*Given material*

----

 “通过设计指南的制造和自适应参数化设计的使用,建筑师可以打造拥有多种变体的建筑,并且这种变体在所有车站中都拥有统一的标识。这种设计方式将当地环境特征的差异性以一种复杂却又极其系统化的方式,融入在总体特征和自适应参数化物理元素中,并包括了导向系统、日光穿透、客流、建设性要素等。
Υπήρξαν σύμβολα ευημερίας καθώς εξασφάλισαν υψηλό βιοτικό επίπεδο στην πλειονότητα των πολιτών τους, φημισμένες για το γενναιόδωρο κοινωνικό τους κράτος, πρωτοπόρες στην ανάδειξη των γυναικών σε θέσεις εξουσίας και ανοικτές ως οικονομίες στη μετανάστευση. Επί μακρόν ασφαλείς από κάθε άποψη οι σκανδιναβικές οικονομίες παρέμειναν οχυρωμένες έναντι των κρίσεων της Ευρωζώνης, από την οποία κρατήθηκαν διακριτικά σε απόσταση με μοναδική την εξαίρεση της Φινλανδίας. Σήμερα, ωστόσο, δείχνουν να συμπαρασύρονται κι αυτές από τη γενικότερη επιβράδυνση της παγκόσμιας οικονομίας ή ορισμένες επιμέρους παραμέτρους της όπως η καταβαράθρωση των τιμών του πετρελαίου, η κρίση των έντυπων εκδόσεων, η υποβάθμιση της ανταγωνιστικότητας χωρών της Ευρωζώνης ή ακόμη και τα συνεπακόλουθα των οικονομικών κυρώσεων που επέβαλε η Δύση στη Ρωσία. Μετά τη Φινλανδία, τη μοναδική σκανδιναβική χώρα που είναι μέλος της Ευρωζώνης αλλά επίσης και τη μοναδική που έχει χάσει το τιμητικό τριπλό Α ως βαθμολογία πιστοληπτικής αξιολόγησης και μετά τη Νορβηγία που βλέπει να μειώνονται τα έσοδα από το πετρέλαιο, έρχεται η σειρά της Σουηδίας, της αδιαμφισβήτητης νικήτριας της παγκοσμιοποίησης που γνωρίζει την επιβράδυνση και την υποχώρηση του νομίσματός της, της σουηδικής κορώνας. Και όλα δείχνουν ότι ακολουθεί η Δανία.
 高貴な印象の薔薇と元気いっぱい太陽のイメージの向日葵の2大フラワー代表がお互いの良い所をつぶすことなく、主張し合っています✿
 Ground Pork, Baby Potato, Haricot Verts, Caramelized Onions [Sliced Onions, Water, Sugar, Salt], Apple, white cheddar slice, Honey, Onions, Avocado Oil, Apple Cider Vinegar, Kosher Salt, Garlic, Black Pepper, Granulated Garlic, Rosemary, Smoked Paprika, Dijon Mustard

----

*Directions for this task*
Each line in the data is to be written out precisely.

*Reply to the task*
 “通过设计指南的制造和自适应参数化设计的使用,建筑师可以打造拥有多种变体的建筑,并且这种变体在所有车站中都拥有统一的标识。这种设计方式将当地环境特征的差异性以一种复杂却又极其系统化的方式,融入在总体特征和自适应参数化物理元素中,并包括了导向系统、日光穿透、客流、建设性要素等。
Υπήρξαν σύμβολα ευημερίας καθώς εξασφάλισαν υψηλό βιοτικό επίπεδο στην πλειονότητα των πολιτών τους, φημισμένες για το γενναιόδωρο κοινωνικό τους κράτος, πρωτοπόρες στην ανάδειξη των γυναικών σε θέσεις εξουσίας και ανοικτές ως οικονομίες στη μετανάστευση. Επί μακρόν ασφαλείς από κάθε άποψη οι σκανδιναβικές οικονομίες παρέμειναν οχυρωμένες έναντι των κρίσεων της Ευρωζώνης, από την οποία κρατήθηκαν διακριτικά σε απόσταση με μοναδική την εξαίρεση της Φινλανδίας. Σήμερα, ωστόσο, δείχνουν να συμπαρασύρονται κι αυτές από τη γενικότερη επιβράδυνση της παγκόσμιας οικονομίας ή ορισμένες επιμέρους παραμέτρους της όπως η καταβαράθρωση των τιμών του πετρελαίου, η κρίση των έντυπων εκδόσεων, η υποβάθμιση της ανταγωνιστικότητας χωρών της Ευρωζώνης ή ακόμη και τα συνεπακόλουθα των οικονομικών κυρώσεων που επέβαλε η Δύση στη Ρωσία. Μετά τη Φινλανδία, τη μοναδική σκανδιναβική χώρα που είναι μέλος της Ευρωζώνης αλλά επίσης και τη μοναδική που έχει χάσει το τιμητικό τριπλό Α ως βαθμολογία πιστοληπτικής αξιολόγησης και μετά τη Νορβηγία που βλέπει να μειώνονται τα έσοδα από το πετρέλαιο, έρχεται η σειρά της Σουηδίας, της αδιαμφισβήτητης νικήτριας της παγκοσμιοποίησης που γνωρίζει την επιβράδυνση και την υποχώρηση του νομίσματός της, της σουηδικής κορώνας. Και όλα δείχνουν ότι ακολουθεί η Δανία.
 高貴な印象の薔薇と元気いっぱい太陽のイメージの向日葵の2大フラワー代表がお互いの良い所をつぶすことなく、主張し合っています✿
 Ground Pork, Baby Potato, Haricot Verts, Caramelized Onions [Sliced Onions, Water, Sugar, Salt], Apple, white cheddar slice, Honey, Onions, Avocado Oil, Apple Cider Vinegar, Kosher Salt, Garlic, Black Pepper, Granulated Garlic, Rosemary, Smoked Paprika, Dijon Mustard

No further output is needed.